**DATA EXTRACT:**
────────────────
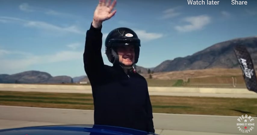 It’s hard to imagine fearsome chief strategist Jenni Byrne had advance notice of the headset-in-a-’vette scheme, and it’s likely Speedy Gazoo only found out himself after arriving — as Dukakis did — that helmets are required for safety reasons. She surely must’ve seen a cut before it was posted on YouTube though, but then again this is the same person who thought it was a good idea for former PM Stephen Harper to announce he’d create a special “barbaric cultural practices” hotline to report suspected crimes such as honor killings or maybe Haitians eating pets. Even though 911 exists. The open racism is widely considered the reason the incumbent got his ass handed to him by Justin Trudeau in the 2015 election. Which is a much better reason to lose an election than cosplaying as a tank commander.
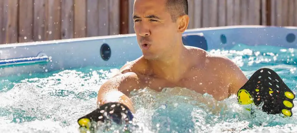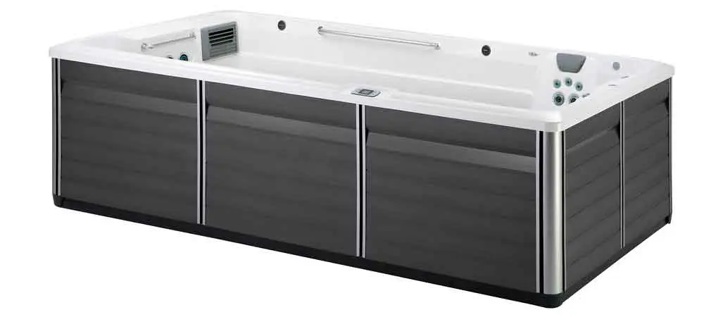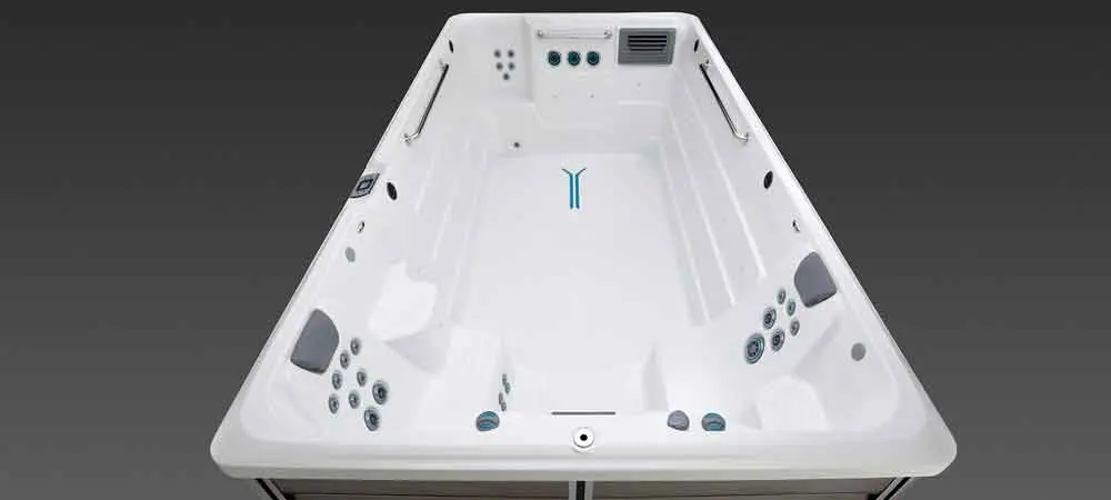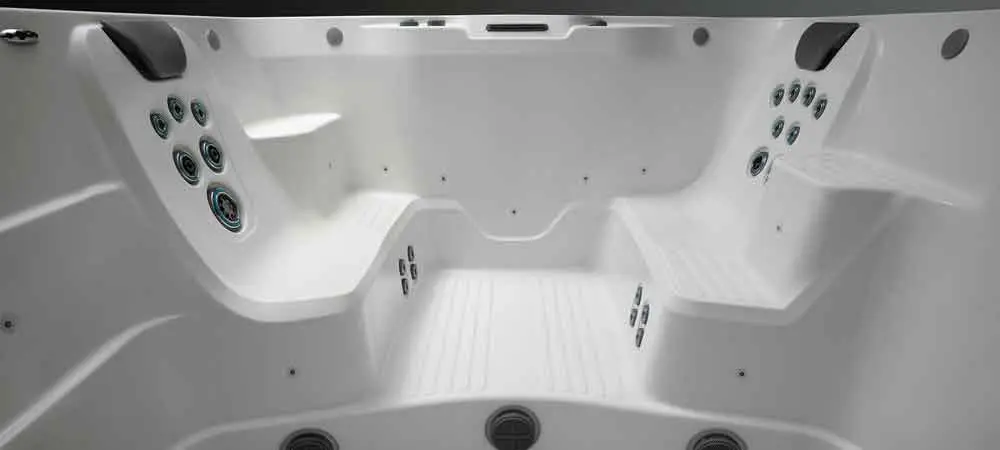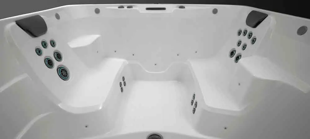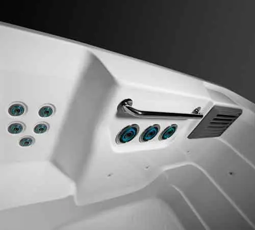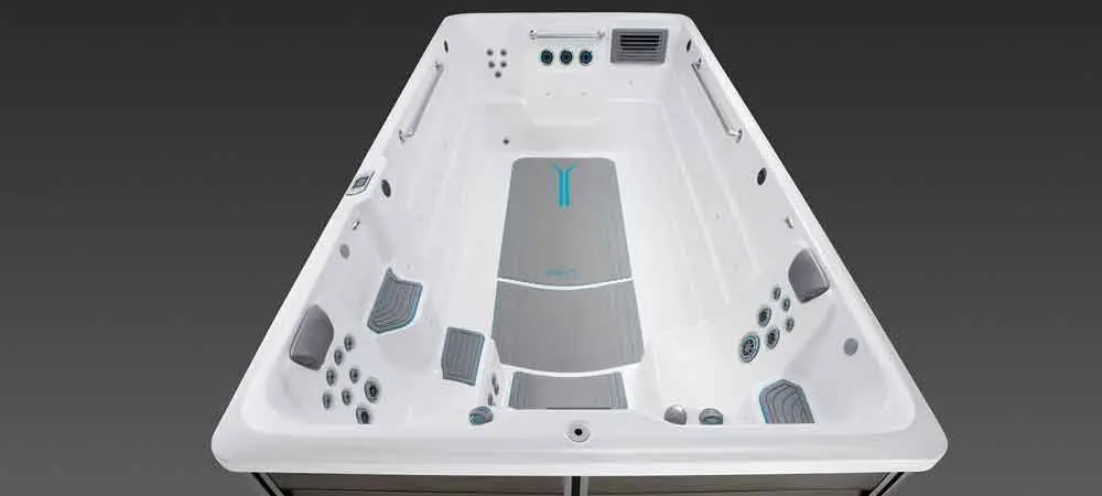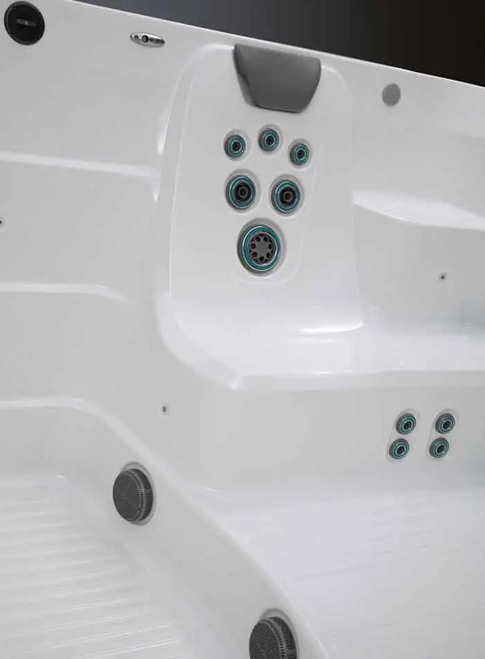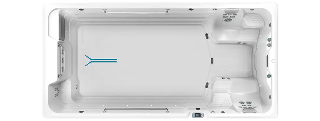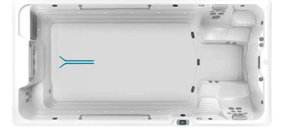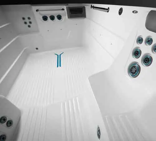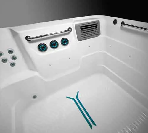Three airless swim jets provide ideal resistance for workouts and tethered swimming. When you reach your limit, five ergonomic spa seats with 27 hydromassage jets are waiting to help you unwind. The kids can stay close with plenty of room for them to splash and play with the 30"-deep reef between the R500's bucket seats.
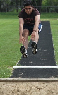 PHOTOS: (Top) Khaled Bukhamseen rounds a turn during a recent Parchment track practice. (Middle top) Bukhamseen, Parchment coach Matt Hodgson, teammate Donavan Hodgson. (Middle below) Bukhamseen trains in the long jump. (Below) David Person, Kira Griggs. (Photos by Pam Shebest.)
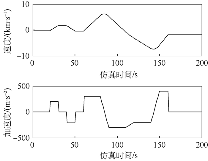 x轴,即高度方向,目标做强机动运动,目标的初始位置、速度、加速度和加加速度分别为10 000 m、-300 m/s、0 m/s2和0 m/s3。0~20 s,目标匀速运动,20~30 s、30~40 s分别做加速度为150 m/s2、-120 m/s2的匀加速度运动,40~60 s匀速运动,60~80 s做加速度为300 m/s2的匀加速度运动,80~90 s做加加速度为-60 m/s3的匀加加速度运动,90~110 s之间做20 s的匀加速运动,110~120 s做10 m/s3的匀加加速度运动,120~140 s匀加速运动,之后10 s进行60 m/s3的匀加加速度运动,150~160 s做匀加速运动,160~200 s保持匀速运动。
────────────────
**EXERCISE REQUIREMENTS:**
Repeat the listing above up to and including the line with "PHOTOS: (Top) Khaled", starting from its first line. Drop any pictures.

**EXERCISE RESPONSE:**
 It’s hard to imagine fearsome chief strategist Jenni Byrne had advance notice of the headset-in-a-’vette scheme, and it’s likely Speedy Gazoo only found out himself after arriving — as Dukakis did — that helmets are required for safety reasons. She surely must’ve seen a cut before it was posted on YouTube though, but then again this is the same person who thought it was a good idea for former PM Stephen Harper to announce he’d create a special “barbaric cultural practices” hotline to report suspected crimes such as honor killings or maybe Haitians eating pets. Even though 911 exists. The open racism is widely considered the reason the incumbent got his ass handed to him by Justin Trudeau in the 2015 election. Which is a much better reason to lose an election than cosplaying as a tank commander.
Three airless swim jets provide ideal resistance for workouts and tethered swimming. When you reach your limit, five ergonomic spa seats with 27 hydromassage jets are waiting to help you unwind. The kids can stay close with plenty of room for them to splash and play with the 30"-deep reef between the R500's bucket seats.
 PHOTOS: (Top) Khaled Bukhamseen rounds a turn during a recent Parchment track practice. (Middle top) Bukhamseen, Parchment coach Matt Hodgson, teammate Donavan Hodgson. (Middle below) Bukhamseen trains in the long jump. (Below) David Person, Kira Griggs. (Photos by Pam Shebest.)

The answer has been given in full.